For many, it may not be such a startling question. With the proliferation of second/vacation homes, multistate business interests, migrating retiree's, and a wide variety of state laws governing who is or is not a resident or domiciliary, many individuals may not realize that they "live" or are legally resident for income or estate tax purposes in more than one state.
Each state's definitions of domicile and residence can vary appreciably so that an individual may qualify in more than one location. Even Webster is confused on this topic. Domicile is a "person's fixed permanent and principal home for legal purposes" or "residence." But residence as defined in this same lexicon is "the place where one lives as distinguished from his domicile." So which is it?

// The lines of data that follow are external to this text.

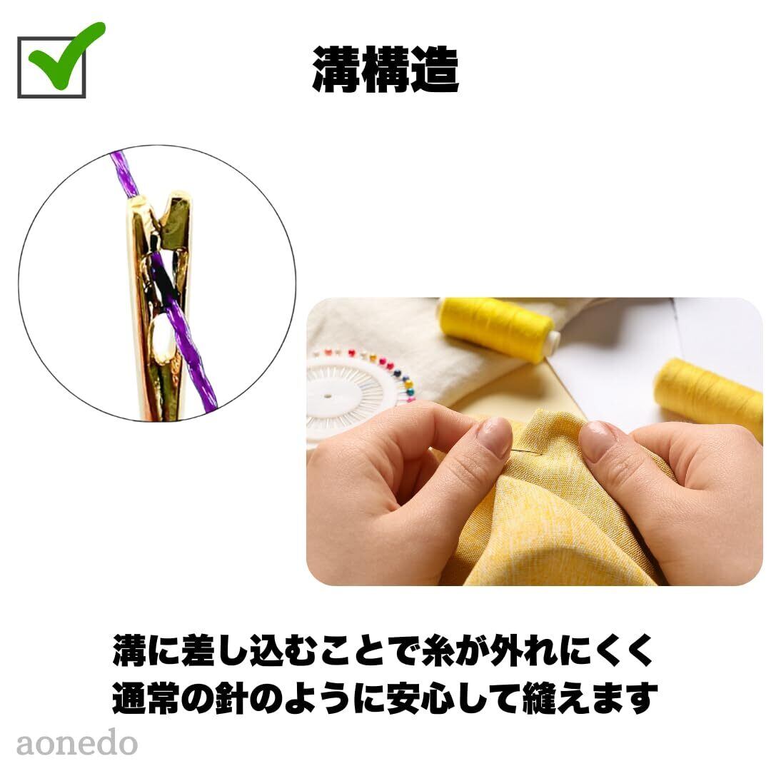 【溝構造】糸を針穴に通さず、上部のミゾに差し込むだけで簡単にセットできます。糸が外れにくい構造になっているので、縫い進めても簡単に抜けることはありません。通常の針と同じように安心してお使いいただけます。
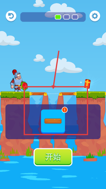 1、点击【木板】来填补沟壑,搭建出可供通行的路径,帮助骑士拿到对岸的【礼物】。
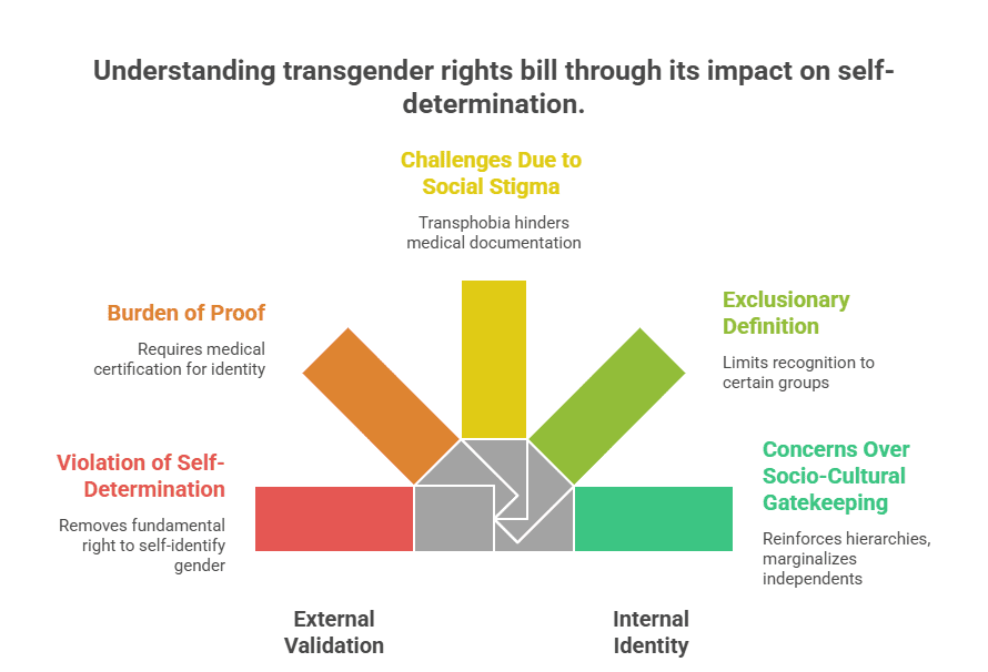 1. Erasure of Self-Identification: The Bill deletes the right to self-perceived gender identity. It directly contradicts the NALSA judgment. Trans men, trans women, and genderqueer individuals outside traditional categories are effectively removed from legal protection.
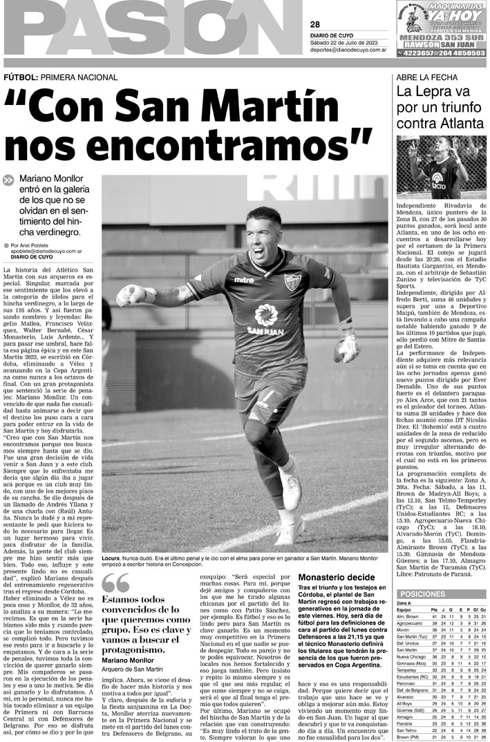 Diario de Cuyo | HOME | Noticias Tapa Pasión 22 de Julio del 2023 Por Redacción Diario de Cuyo 21/07/2023 · 0:00 Escuchar la noticia Escuchar la noticia Your browser doesn’t support HTML5 audio Ver los comentarios ›
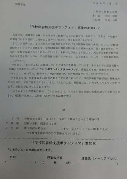 興味のある保護者の方は、5月13日(月)の聖和タイム(10:35〜10:50)に今年度第1回目の活動がありますので、いつでもご参加・ご見学ください。
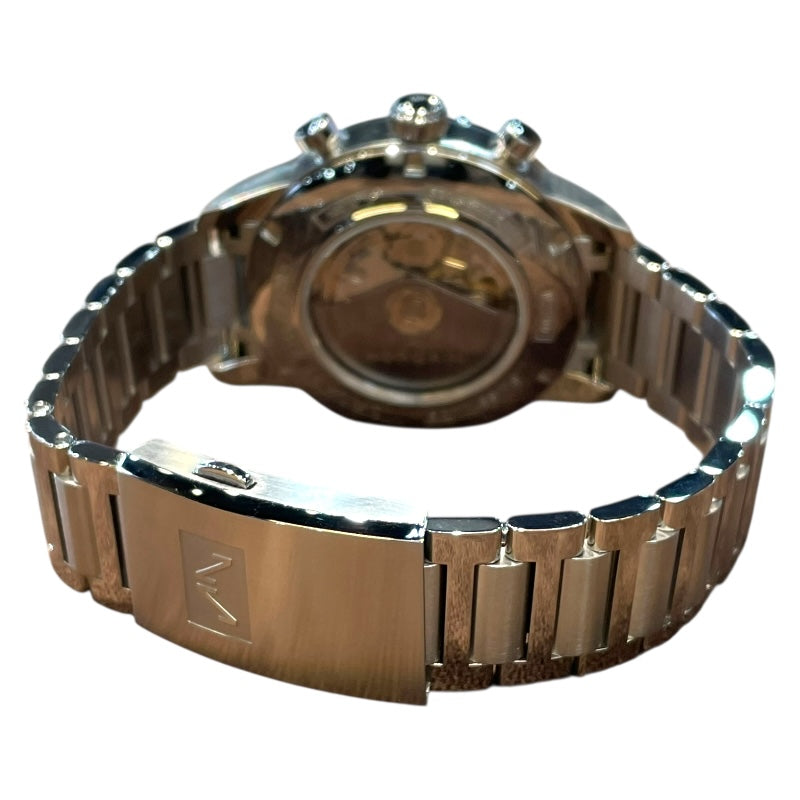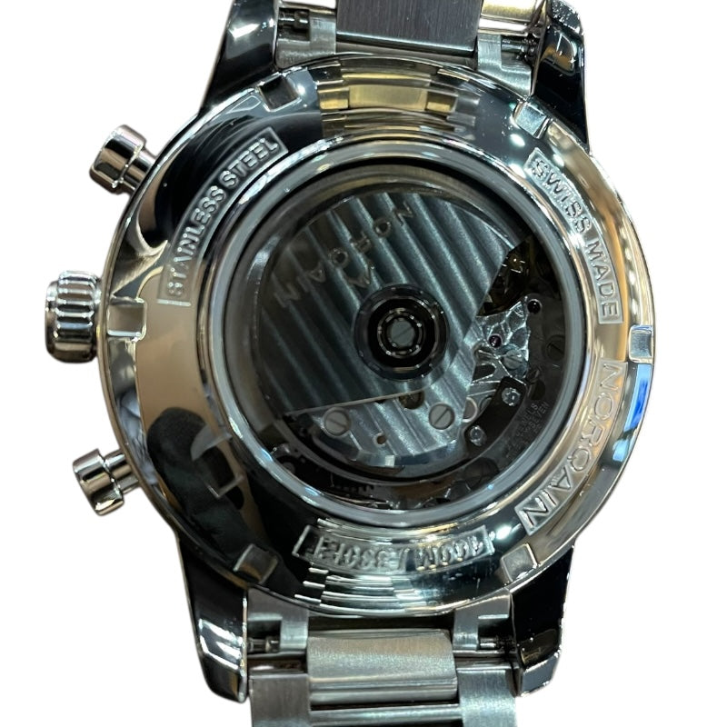 クロノグラフ、デイト表示、シースルーバック |

For many people, their domicile and residence will be the same place. But for various frazzled others, where they rest their heads on a majority of nights may be just the tip of the iceberg in a long list of residences. Problems tend to arise when an individual purchases a second home in a different state.
An example, let us take Martha and Elmo Bright, who are currently New York domiciliaries and residents. They both work in the City and own a co-op apartment. They have a second home in Vermont, where they spend approximately half of their weekends and an occasional holiday week throughout the year. Elmo will begin working in Connecticut next year, and they would like to purchase a home there and become Connecticut residents. However, they do not plan to sell their New York co-op as Martha plans to continue working in the City and will spend some weeknights in town. Regardless of domicile, Martha will be taxed as a New York resident because she maintains a permanent abode there and will, as a result of working in the city, be present in the state more than 183 days a year. Elmo will be taxed as a New York resident if he is a New York domiciliary, because he has a permanent place of abode in New York, regardless of the number of days he actually spends in the state. [NY Tax Law section 605(b)]
As the Brights do not intend to sell or rent out their New York home right away, it is important that Elmo effectively change his domicile from New York to Connecticut in order to reap the income tax (and other) benefits of living and working in Connecticut. How do Martha and Elmo become domiciled in Connecticut and cut the cord with New York?
How to Change Domicile
In order to create a change of domicile, both the intention to make a location a fixed and permanent home and actual residence at that location must be present [Matter of Minsky v. Tully, 78 AD2d 955]. Intention is at the crux of New York law: Reg. section 105.20(d) states that "Domicile is, in general, the place which an individual intends to be such individual's permanent home--the place to which such individual intends to return whenever such individual may be absent." However, there is no easy way of ascertaining what an individual's intentions are outside of evaluating their conduct. The burden falls to the individual asserting a change of domicile to show that the necessary intention existed.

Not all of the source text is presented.